Шрифт:
Интервал:
Закладка:
Он уже давно составил себе такое мнение о могильщиках. К примеру, Зераха, тоже занимавшегося покойниками там, дома… так вот, Зераха он никогда не видел улыбающимся. У Зераха были длинные желтые зубы, выпиравшие вперед, что делало его похожим на зайца. Однажды, когда Хаймек рука об руку с папой шел в «штибль», он спросил отца:
– А почему у Зераха длинные желтые зубы, длинное лицо и длинный-предлинный нос… да и весь он какой-то несуразно длинный?
В папином взгляде определенно было порицание.
– Ни слова больше о ребе Зерахе, сынок. Он – могильщик.
Но Хаймек все-таки хотел получить более точный ответ на свой вопрос.
– А для чего он всегда носит на плече веревки?
– Хватит, – резко сказал папа. – Все, что надо, узнаешь, когда подрастешь. А пока что ты еще маленький.
Но о Зерахе-могильщике ученики хедера часто говорили между собой. Мнения разделились. Шмулик сказал, что у ребе Зераха потому такое все длинное, что он съел слишком много земли. Земли из Израиля. Эту землю он брал из-под изголовья мертвецов. И сам он тоже хотел быть похороненным в земле Израиля. Однажды в сумерках, когда все окончили читать послеобеденную молитву, мальчик услышал, как Нахман, владелец жестяной лавки, сказал:
– Реб Зерах хоронит и хоронит… пока вот так же не похоронит он свои годы.
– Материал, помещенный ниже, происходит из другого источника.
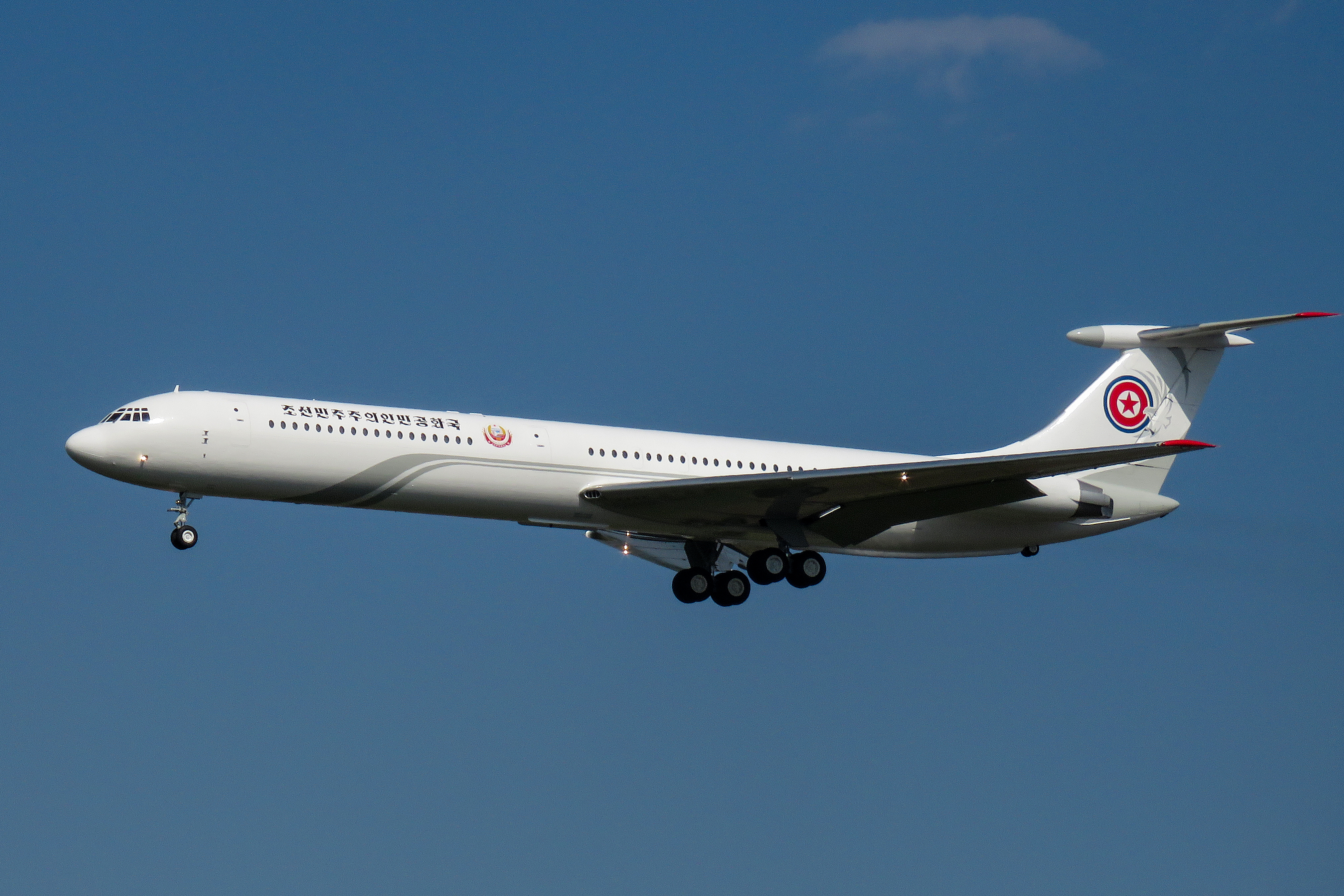 Papa Romeo Kilo Seven Two Seven (PRK727) arriving from Pyongyang to pick Kim Jong-un up. Mr. Kim has just finished his two-day visit to China which received instant report yesterday, merely a week after the Trump-Kim summit. This so-called "Chammae-1", also known as "Kim Force One" or "Air Force Un", has just brought Kim to Beijing on 19 June 2018 and returned to North Korea with no pax, contrary to his previous visits which use governmental trains and are reported after the completion of journeys. An Il-62 is better than nothing, but where is its registration? You know, blocking registration numbers would result in a 12-point penalty in driver's license in China.

В тот же вечер Хаймек спросил у папы, как можно похоронить свои годы. Папа посмотрел на мальчика, покачал головой и сказал своим напевным голосом, каким он обычно напевал Гемарру:
– Хоронят годы… так говорят про человека, который стареет на глазах.
– Но папа… (тут Хаймек запнулся, но тут же поправился) – реб Зерах… он ведь хоронит не годы, а покойников. Ведь правда, папа?
На этот раз папа ничего ему не ответил.
Этот реб Зерах… он очень занимал воображение Хаймека. Ему казалось, что могильщик вечен. Ему почему-то казалось, что реб Зерах никогда не был молодым и никогда не станет более старым. Весь вытянутый, несуразно длинный, смотрел он на мир и на землю у его ног беспросветно мутными, цвета глины глазами. Про него говорили, что когда он видит землю, то сразу же начинает делить ее на прямоугольники для могил. Как и все прочие мальчишки, Хаймек очень его боялся и, завидев издалека, старался избежать встречи с могильщиком. Но однажды это ему не удалось. Завидев Хаймека, реб Зерах шагнул к мальчику, и тот увидел его лицо, мокрое от слез. «Эли… Эли…» – кривились губы ребе Зераха. – «Эли… ну почему я должен хоронить и тебя?..»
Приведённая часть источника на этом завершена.